Thiol labeling of the first predicted hidden allosteric site. (A and B) Surface representations of the closed and open states of the known hidden allosteric site, respectively. A232 (red) is only visible in the open state. (C) Labeling of residue A232C in 1 mM DTNB. (D) The dependence of the labeling rate on the concentration of the labeling reagent (DTNB) with error bars representing the SD from three replicates.

We also tested the second predicted pocket via thiol labeling of S203C. This residue labels at a rate of 1.5 × 10⁻² ± 3.4 × 10⁻³ s⁻¹, again independent of the concentration of labeling reagent (Fig. S2). This rate is 50-fold faster than the rate of global unfolding (Table S1), so it captures the rate of exposure of the residue. There is also communication between this site and the active site, as demonstrated by an ∼1.5-fold reduction in activity on labeling.

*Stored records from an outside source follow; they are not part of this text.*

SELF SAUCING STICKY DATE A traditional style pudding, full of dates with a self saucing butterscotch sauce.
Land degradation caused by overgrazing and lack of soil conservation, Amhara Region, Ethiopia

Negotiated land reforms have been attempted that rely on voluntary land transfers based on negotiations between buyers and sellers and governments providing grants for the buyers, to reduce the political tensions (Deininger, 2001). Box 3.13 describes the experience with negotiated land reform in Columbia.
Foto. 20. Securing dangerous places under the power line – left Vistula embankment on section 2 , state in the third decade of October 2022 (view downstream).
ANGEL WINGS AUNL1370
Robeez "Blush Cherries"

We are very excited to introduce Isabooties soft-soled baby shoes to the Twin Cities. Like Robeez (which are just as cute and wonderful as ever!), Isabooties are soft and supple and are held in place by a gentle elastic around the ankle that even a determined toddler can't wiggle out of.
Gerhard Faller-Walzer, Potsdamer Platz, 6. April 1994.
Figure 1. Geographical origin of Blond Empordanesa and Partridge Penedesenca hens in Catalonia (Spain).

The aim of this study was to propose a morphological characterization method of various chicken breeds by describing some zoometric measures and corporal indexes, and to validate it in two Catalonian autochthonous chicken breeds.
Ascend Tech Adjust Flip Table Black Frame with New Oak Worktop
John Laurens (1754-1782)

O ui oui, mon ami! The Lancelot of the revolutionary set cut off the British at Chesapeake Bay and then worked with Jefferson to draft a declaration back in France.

Therefore, we conclude that this second predicted site is also a hidden allosteric site.

Conclusions

We developed an approach that combines computation and experiment to detect hidden allosteric sites arising from the ensemble of structures a protein can adopt. Importantly, our approach does not require the simultaneous discovery of small molecules that bind and modulate these sites, so our methodology can be used to guide subsequent drug design efforts.

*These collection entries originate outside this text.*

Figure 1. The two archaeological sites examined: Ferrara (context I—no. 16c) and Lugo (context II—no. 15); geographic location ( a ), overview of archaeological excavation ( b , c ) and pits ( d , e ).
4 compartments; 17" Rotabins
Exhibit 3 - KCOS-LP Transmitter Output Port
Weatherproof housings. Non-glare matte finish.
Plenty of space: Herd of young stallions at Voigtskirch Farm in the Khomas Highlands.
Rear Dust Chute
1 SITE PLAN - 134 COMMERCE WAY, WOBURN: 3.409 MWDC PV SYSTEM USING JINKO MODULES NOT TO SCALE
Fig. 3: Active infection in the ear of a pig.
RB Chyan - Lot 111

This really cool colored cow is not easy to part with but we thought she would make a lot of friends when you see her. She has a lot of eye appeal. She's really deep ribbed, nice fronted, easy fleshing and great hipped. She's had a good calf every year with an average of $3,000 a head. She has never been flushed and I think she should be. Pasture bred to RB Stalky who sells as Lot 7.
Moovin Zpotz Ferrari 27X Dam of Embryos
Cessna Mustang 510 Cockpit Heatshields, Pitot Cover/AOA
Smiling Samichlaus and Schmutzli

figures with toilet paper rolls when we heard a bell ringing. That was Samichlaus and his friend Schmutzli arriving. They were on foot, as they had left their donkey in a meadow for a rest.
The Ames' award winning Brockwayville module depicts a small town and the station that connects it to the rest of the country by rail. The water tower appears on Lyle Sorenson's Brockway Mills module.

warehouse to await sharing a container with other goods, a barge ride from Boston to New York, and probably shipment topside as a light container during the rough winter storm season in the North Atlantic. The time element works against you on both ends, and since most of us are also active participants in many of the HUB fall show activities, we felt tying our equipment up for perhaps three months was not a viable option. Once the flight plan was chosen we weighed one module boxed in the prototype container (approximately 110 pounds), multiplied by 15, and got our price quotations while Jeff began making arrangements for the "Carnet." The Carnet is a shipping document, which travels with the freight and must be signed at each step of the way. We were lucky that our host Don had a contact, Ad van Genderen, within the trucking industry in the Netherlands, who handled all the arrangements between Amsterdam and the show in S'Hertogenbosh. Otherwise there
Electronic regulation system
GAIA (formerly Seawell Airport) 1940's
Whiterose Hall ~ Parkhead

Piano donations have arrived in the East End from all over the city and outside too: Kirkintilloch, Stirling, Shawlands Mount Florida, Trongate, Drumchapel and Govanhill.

Using this approach, we have demonstrated that a single protein—TEM-1 β-lactamase—accommodates multiple hidden allosteric sites. This result is surprising because TEM-1 β-lactamase has been studied extensively without observing these sites. Furthermore, there may even be other hidden allosteric sites in this single protein that are not amenable to the experimental methodology we describe here.

Our results suggest there are many as yet undiscovered hidden allosteric sites and that our techniques should provide a means of detecting them. Once discovered, these allosteric sites can then be targeted with rational drug design or followed up on to discover their biological relevance. In the case of TEM-1, the hidden allosteric sites we discovered could be valuable targets for antibiotic development.

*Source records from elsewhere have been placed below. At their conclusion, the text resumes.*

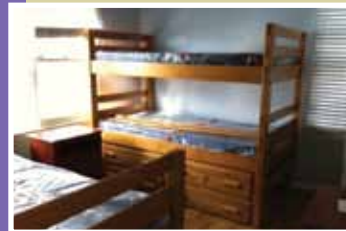
Upstairs Bedroom #1: houses a mother and up to 3 children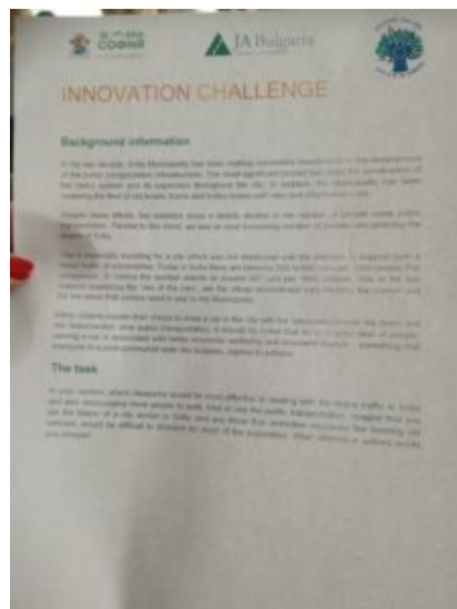
Innovation Challenge – Instruction

The Junior Achievement in Sofia organized a Challenge. Groups of teachers participating in the ERASMUS + project, together with several students of a high school in Turin (present in Sofia to carry out an educational project, financed by the European Community, in the entrepreneurial field) collaborated to find a business model on a specific topic. The theme, proposed by the Municipality of Sofia, was that of public mobility and atmospheric pollution due to private mobility.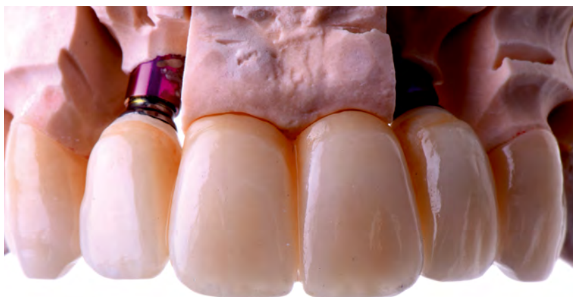
11 — Translucency of the zirconium oxide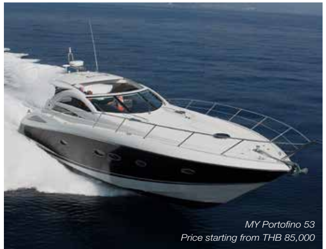
MY Portofino 53 Price starting from THB 85,000

Our well known stylish MY Olympia 76 is ready to take you to exotic and remote private beaches, as well as exciting afternoons of waterskiing, wakeboarding or fishing.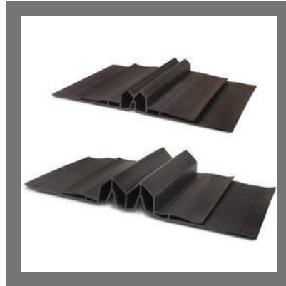
Parking Expansion Joint

These results lay an important foundation for future work on hidden allosteric sites. For example, an important next step will be to discover new allosteric modulators that bind the hidden allosteric sites revealed by our methodology. Furthermore, our results demonstrate the value of our advanced computational methods and argue for further developments to make an even more quantitative comparison between computation and experiment.

Materials and Methods

Simulations were run with Gromacs (41, 42), and the Markov state model was built with MSMBuilder (43, 44), as described previously (26). This particular model provides a statistically reliable description of dynamics on tens of microsecond timescales. Further details are given in SI Materials and Methods. Accessible surface areas were measured with Gromacs and a Voronoi-based method (45). Structures were visualized with PyMOL (46).

TEM-1 β-lactamase with the M182T stabilizing mutation and all cysteine variants of this background sequence were purified from the periplasmic fraction of BL21(DE3) cells as described in previous work (47) and SI Materials and Methods. We measured enzyme activities following previous work (48), as described in SI Materials and Methods. Cysteine mutations were introduced with Quik-Change mutagenesis. Thiol labeling experiments were run with 30 μM protein and varying concentrations of DTNB (also called Ellman’s reagent) in 20 mM Tris, pH 8.0. The time course for labeling was monitored by following the absorbance at 412 nm in a Cary 100Bio UV-Vis spectrophotometer (27 °C) after starting the reaction via manual mixing. Rates were interpreted using the Linderstrom–Lang model (36). Unfolding rates and equilibrium melts were monitored by circular dichroism, as described in SI Materials and Methods. Further details are given in SI Materials and Methods.